俺はあんたが大嘘つきだって知ってるぜ。それも、とびきりのな。
親父の田舎は、何のとりえもない農村地帯だったけど、住民はとある男の名を、まるで土地神へ祈りを捧げるように語り継いでいた。いや、俺は最初、本当に土地神の名前だと思っていたんだ。だってよ、招福亭福福なんてふざけた名前、神様かと思うじゃねえか。そうだ。あんたの名前だよ。ま、人間国宝サマともなれば、神様とそう変わんねえか?

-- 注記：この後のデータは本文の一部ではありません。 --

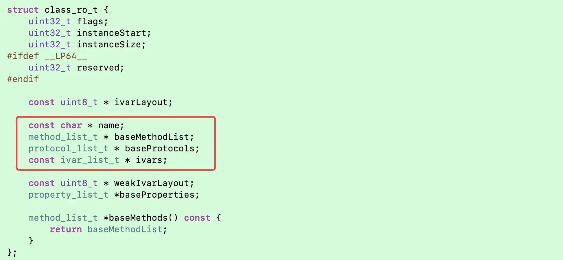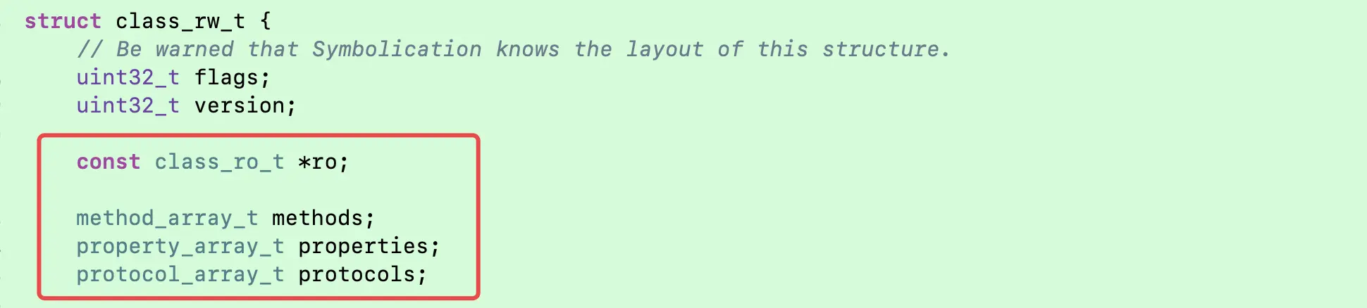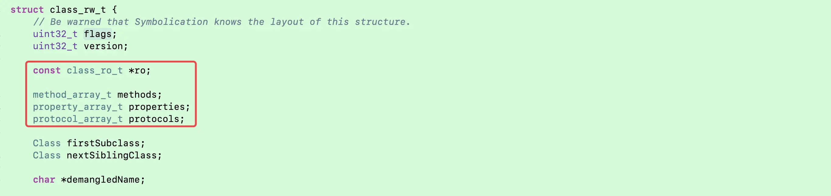 除了methods、properties、protocols,还有一个class_ro_t需要看一下,上源码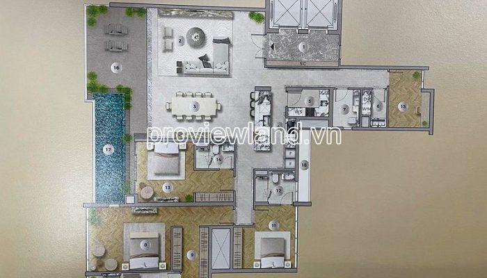 Pool Villa The River Thu Thiem apartment for sale, right at Thu Thiem 1 bridge, with an area of about 290m2, a clear area of 260m2, private swimming pool design, private elevator with beautiful river view and city center eye.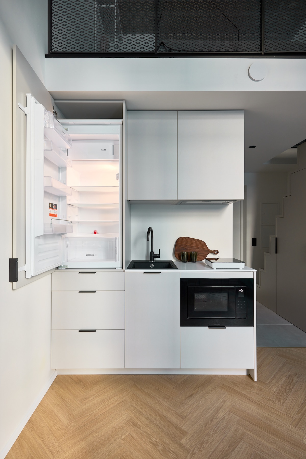 Glid från sovrummet till bastun och vidare till den öppna terrassen i denna sofistikerade lägenhet med slående moderna detaljer. Fönstren sträcker sig upp till 5 meter höga tak och cirkulära speglar glittrar i ljuset. Parkettgolv och fluffiga textilier ger djup och värme. Loftet ligger bara några minuter från Gamla stan i ett elegant lägenhetshus, precis intill det kreativa navet Kultuurikatel. Utforska de trendiga, bohemiska distrikten Telliskivi och Kalamaja och den unika gamla stan.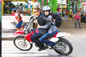| 主演杰瑞米(左)与蕾切尔在马尼拉街头骑摩托车狂奔 |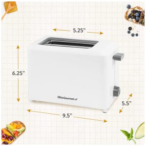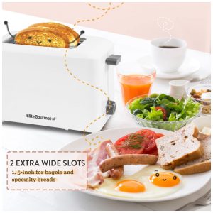 Torradeira Elétrica 2 Fatias com 7 Níveis de Tostagem e Bandeja de Migalhas Removível 110V 1300W Elite Gourmet ECT1027 Branca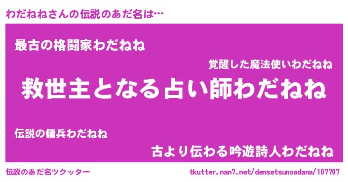 | 男性向けラノベタイトル風あだ名 | 『この素晴らしい世界にわだねねを!』 |

他人の成功に縋りついているようなクソ住民のおかげで、町にはあんたの落語が絶えることなく流れていたよ。スーパーまでもだ。そのうち、葬式は坊さんの念仏じゃなくてあんたの落語が流れているんじゃないかと、戦々恐々した。一種のノイローゼになりそうだった。スーパーっていったらあれだろ、ポポーポポポポってやつ。おい、笑うな。
ここでも同じことだ。俺の意思に関係なく、幼少期の人格形成に落語が刷り込まれてしまった。だけど、テレビで嘘の予言をしていた時と比べて、嘘八百の噺をくっちゃべっても、誰も怒らなかったな。むしろ、笑って言うんだよ。お前には才能がある。二代目招福亭福福になれるって。